Exercise. If a line below falls between the line with "キラキラプリントアシンメトリーストライプシャツ" and the line with "布鲁威斯号是一艘巴拿马籍散货", or is one of those two, output it exactly; output nothing else and no pictures.

The data.
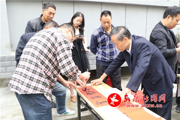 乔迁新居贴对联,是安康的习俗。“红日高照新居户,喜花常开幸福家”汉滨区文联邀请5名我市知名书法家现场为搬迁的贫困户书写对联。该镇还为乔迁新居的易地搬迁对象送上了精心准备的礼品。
* * *
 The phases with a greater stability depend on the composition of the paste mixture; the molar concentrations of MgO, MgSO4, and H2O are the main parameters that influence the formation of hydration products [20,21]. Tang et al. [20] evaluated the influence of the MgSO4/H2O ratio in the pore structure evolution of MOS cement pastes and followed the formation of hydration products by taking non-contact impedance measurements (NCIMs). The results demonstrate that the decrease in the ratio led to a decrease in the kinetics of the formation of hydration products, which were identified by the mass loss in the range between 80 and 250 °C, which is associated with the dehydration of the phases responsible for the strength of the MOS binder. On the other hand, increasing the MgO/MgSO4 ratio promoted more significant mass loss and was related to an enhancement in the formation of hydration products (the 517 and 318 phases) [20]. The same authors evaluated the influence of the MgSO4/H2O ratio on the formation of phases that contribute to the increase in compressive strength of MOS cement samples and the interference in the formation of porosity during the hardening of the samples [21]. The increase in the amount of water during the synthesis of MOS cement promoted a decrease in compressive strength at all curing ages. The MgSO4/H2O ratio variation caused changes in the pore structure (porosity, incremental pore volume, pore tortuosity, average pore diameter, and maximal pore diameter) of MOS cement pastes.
--
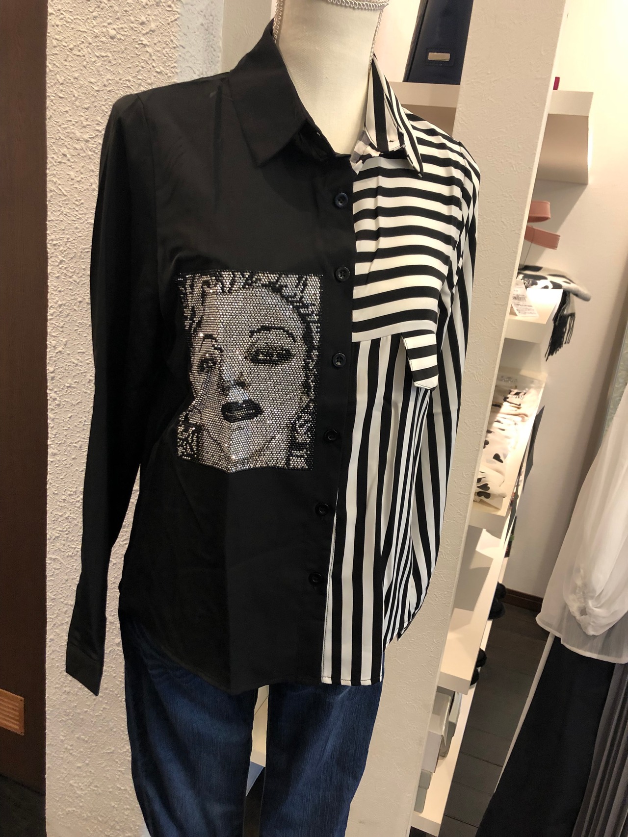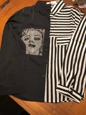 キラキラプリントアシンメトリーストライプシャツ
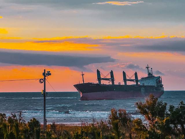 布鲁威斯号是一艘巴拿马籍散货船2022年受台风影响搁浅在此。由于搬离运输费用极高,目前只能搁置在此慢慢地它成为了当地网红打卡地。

Answer to this task.
 キラキラプリントアシンメトリーストライプシャツ
 布鲁威斯号是一艘巴拿马籍散货船2022年受台风影响搁浅在此。由于搬离运输费用极高,目前只能搁置在此慢慢地它成为了当地网红打卡地。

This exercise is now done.